What were those things? Who can say? No candidate who has ever passed through the ordeal ever opens his lips to tell what happened to him. But certain it is that within those walls there was a merry old time that night, for it is there the local burlesque is given, and this has proved of spicy interest to the general public, being filtered to the outside world.
This year among the happy candidates were two of Merriwell’s friends. Jack Ready was one of them.
“La! la!” he said modestly, as he was congratulated. “Proclaim not the honor to the world. It will be a great privilege for the Four Hundred to catch me when I break away from Yale. Oh, I’m strictly the thing, and they can’t get along without me.”
“What you really need,” said Greg Carker, “is a crown. You are a king.”

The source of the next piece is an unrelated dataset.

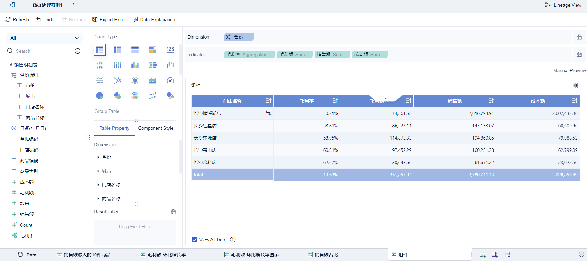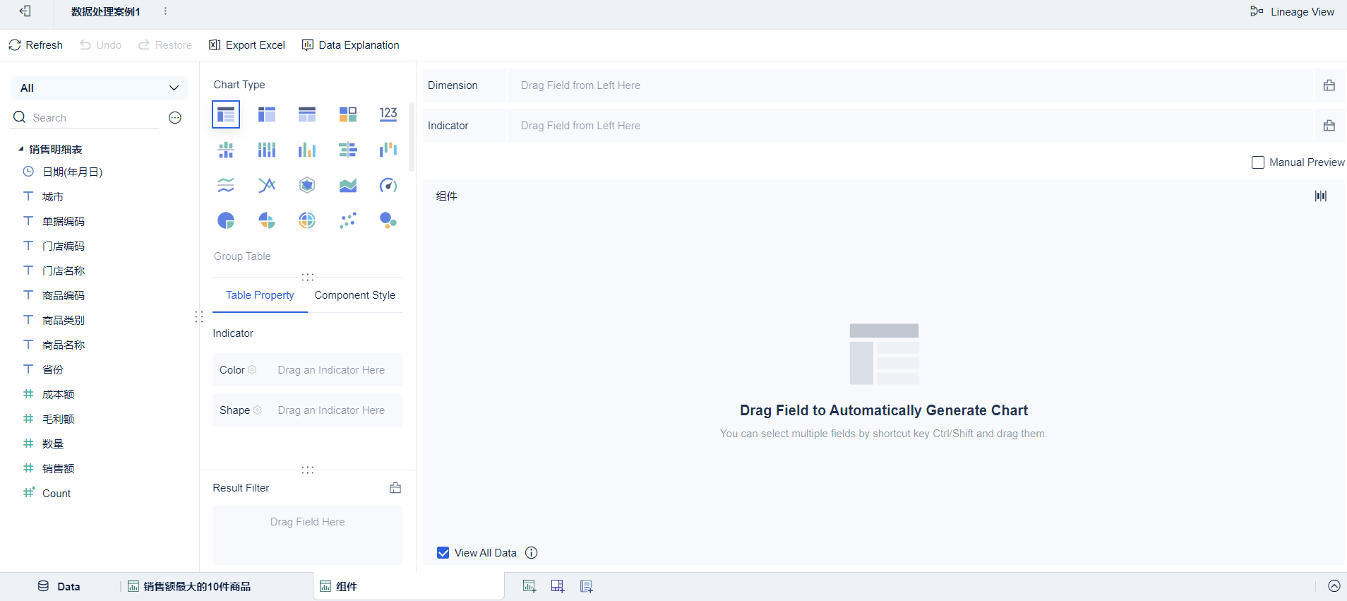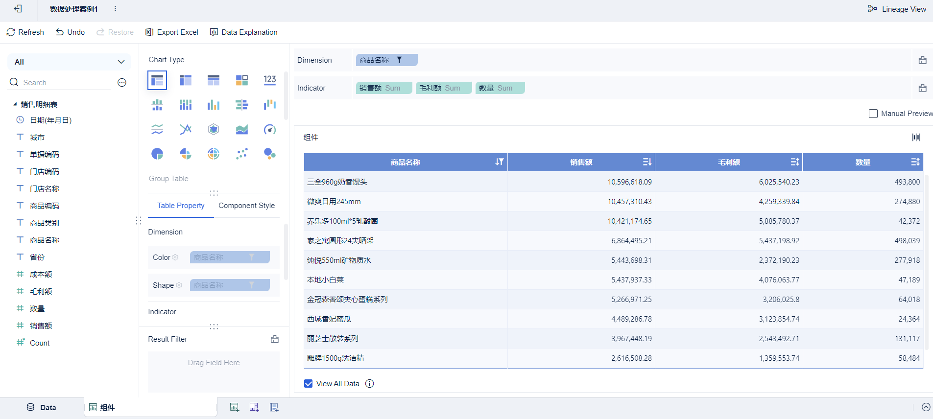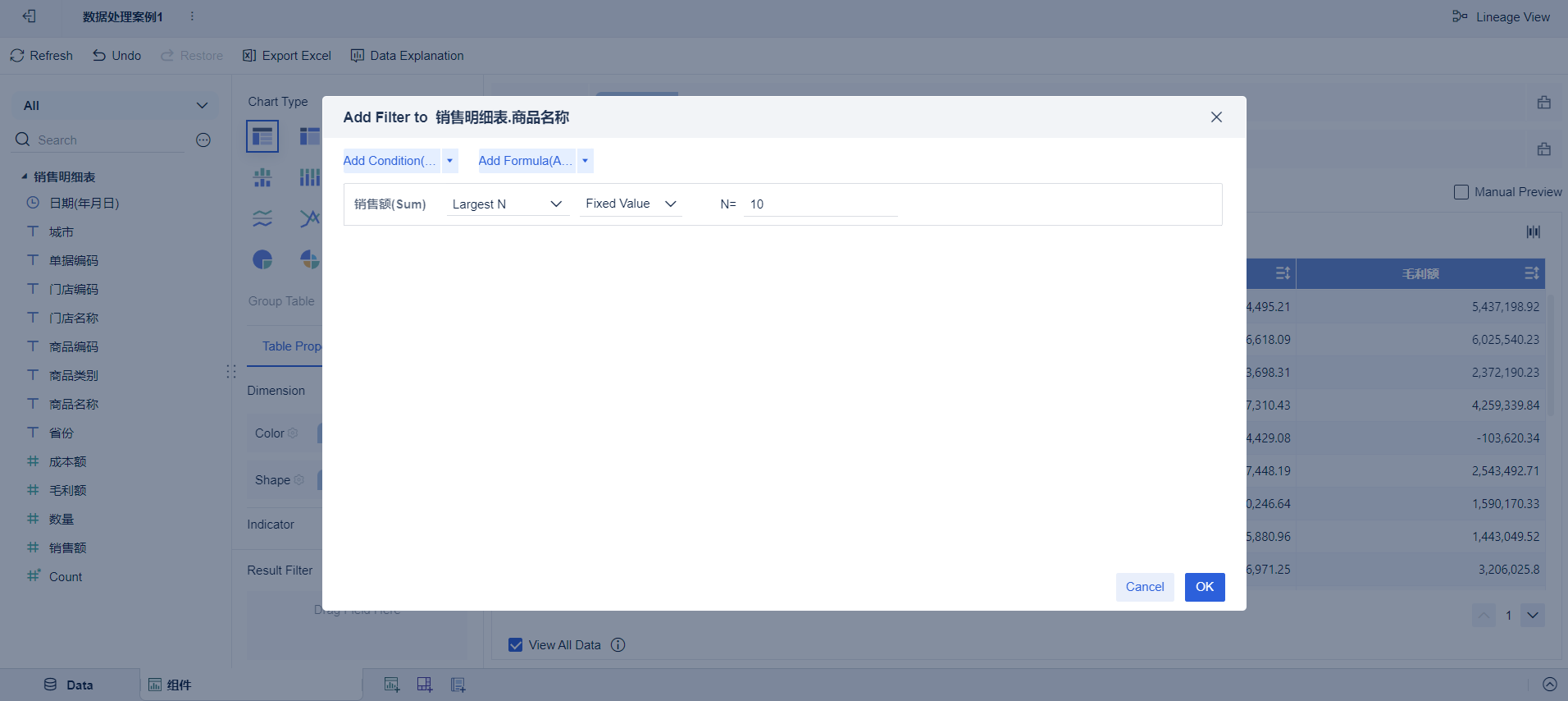 拖动需要的表头维度商品名称,指标数量,销售额和毛利额到分组表,过滤维度数量最大为10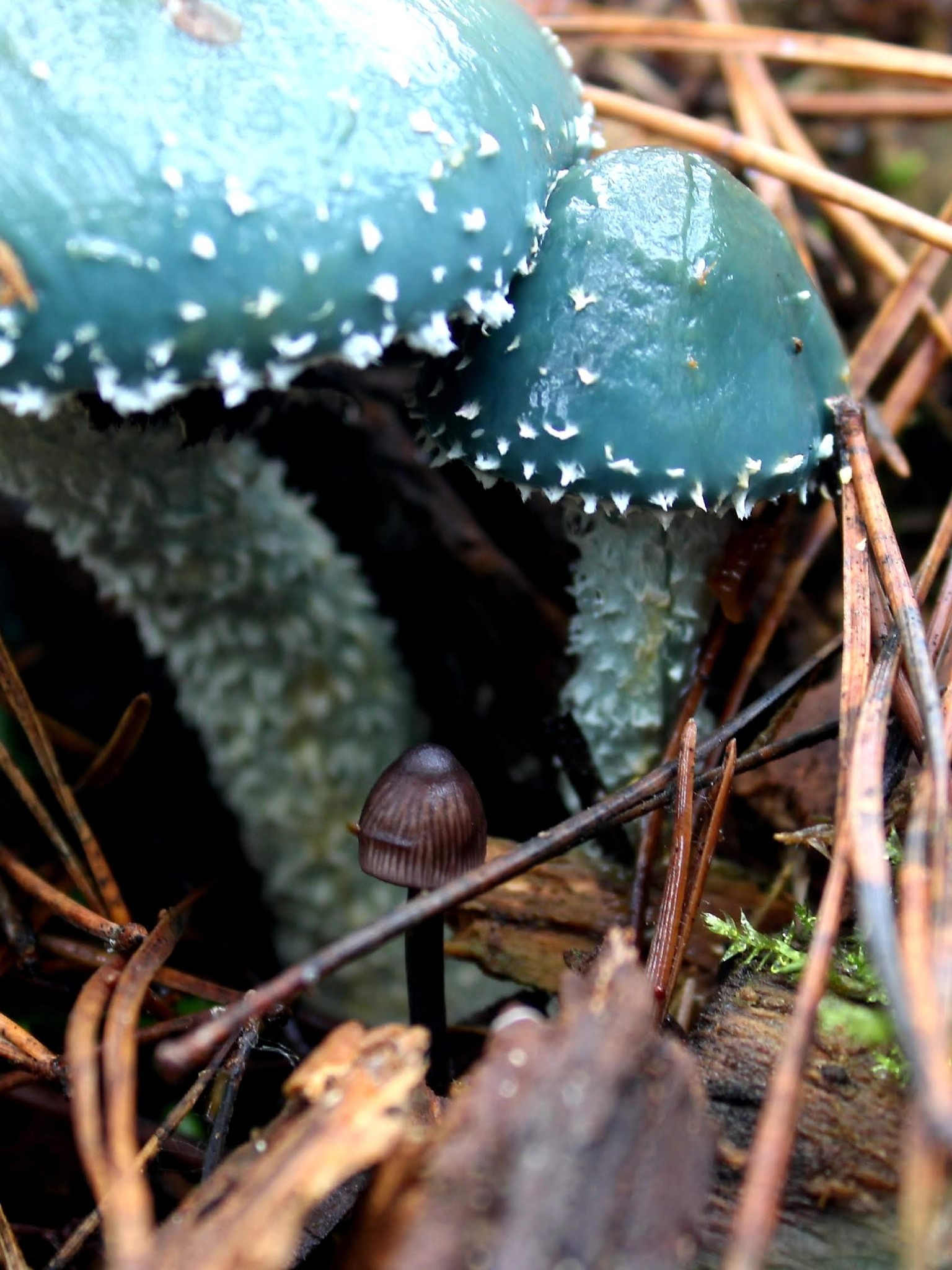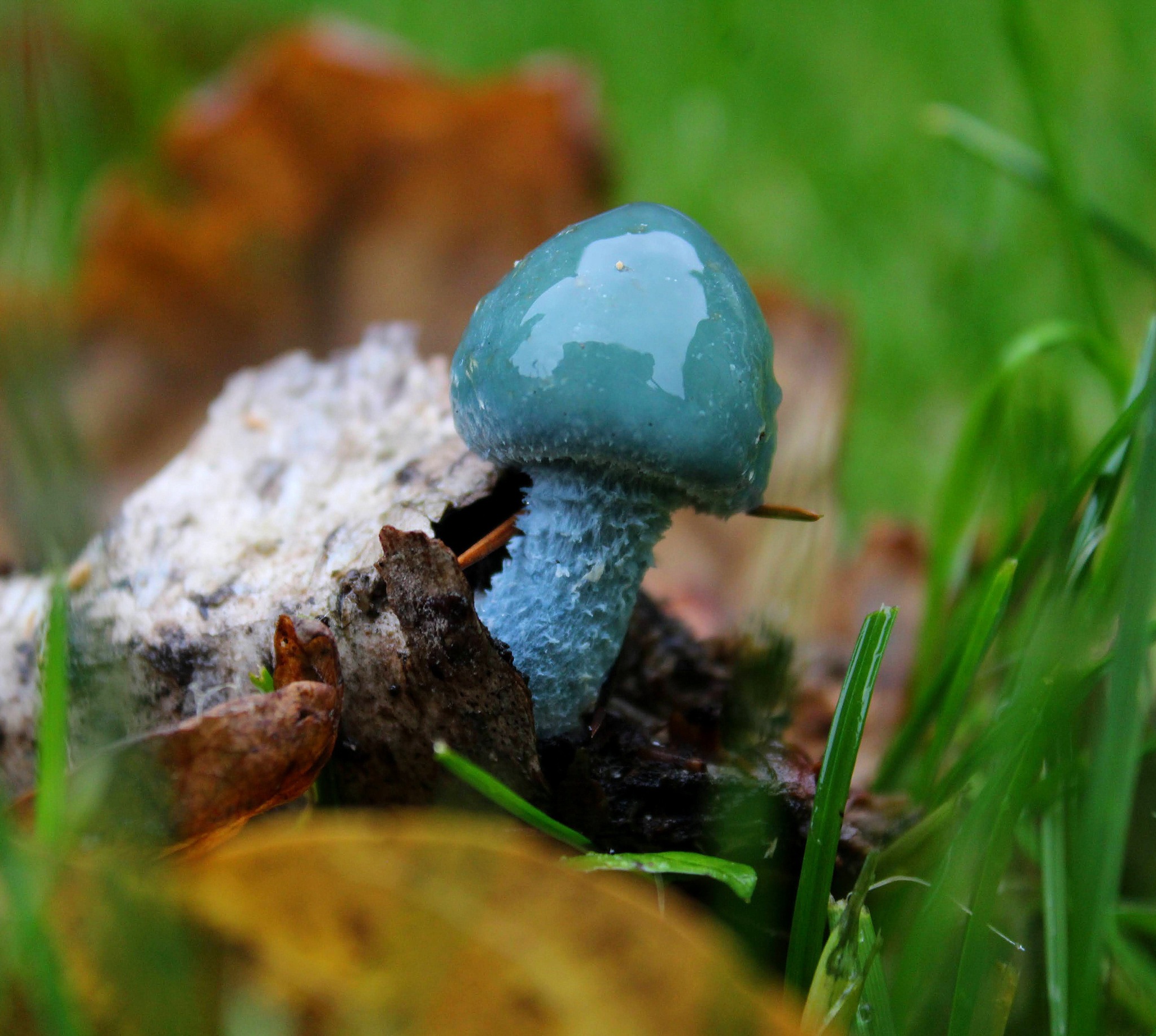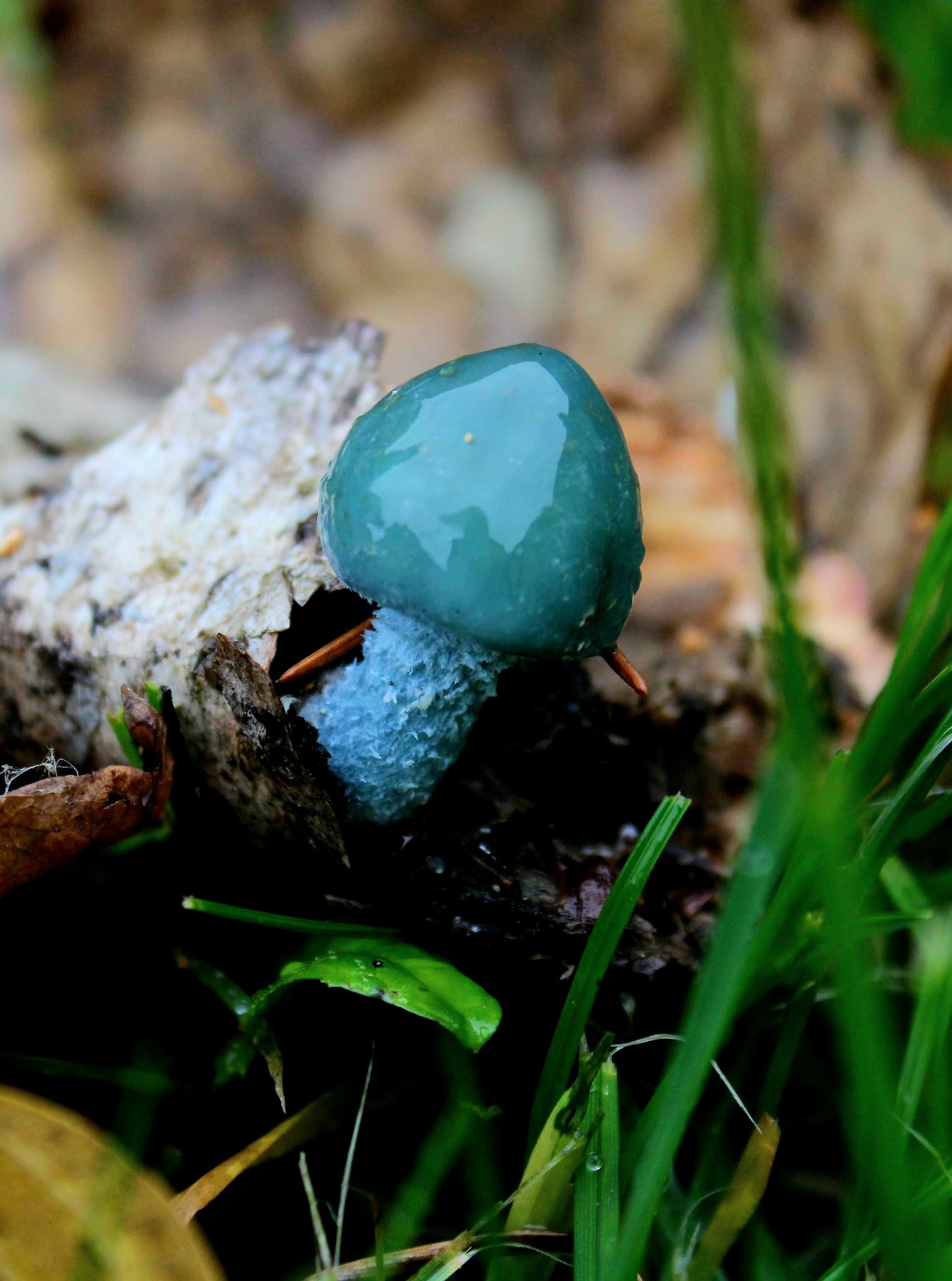 Як видно на фото, гриб має незвичайний колір яскравого бірюзового відтінку. Хоча протягом його життя колір шапочки може змінюватися – від синьо-зеленого до жовтувато-блакитного. Також може змінюватися і форма шапочки — спочатку вона у формі дзвіночка, а потім випрямляється і стає більш плоскою.

“A fool’s cap would be better,” grunted Browning, who had been offering congratulations. “I don’t know how they ever made the mistake of taking him in, but I’m glad he’s made it.”
“Thanks, my fragile friend,” chirped Ready, with the old-time flirt of his hand. “When I am in need of a fool’s cap I’ll know where to come for it. Cluck! cluck! Git ap! My, my, how the wind blows!”
“I’d like to have the privilege of hauling you over the coals to-night!” said Bruce, with a baleful glare in his eye. “Oh, I wouldn’t do a thing to you! You’ll get it, anyhow, for they’ll be sure to give you a double dose to cure your freshness.”
“Alas!” sighed Jack, “it can’t be cured.”
“Try carbolic acid,” suggested Bruce.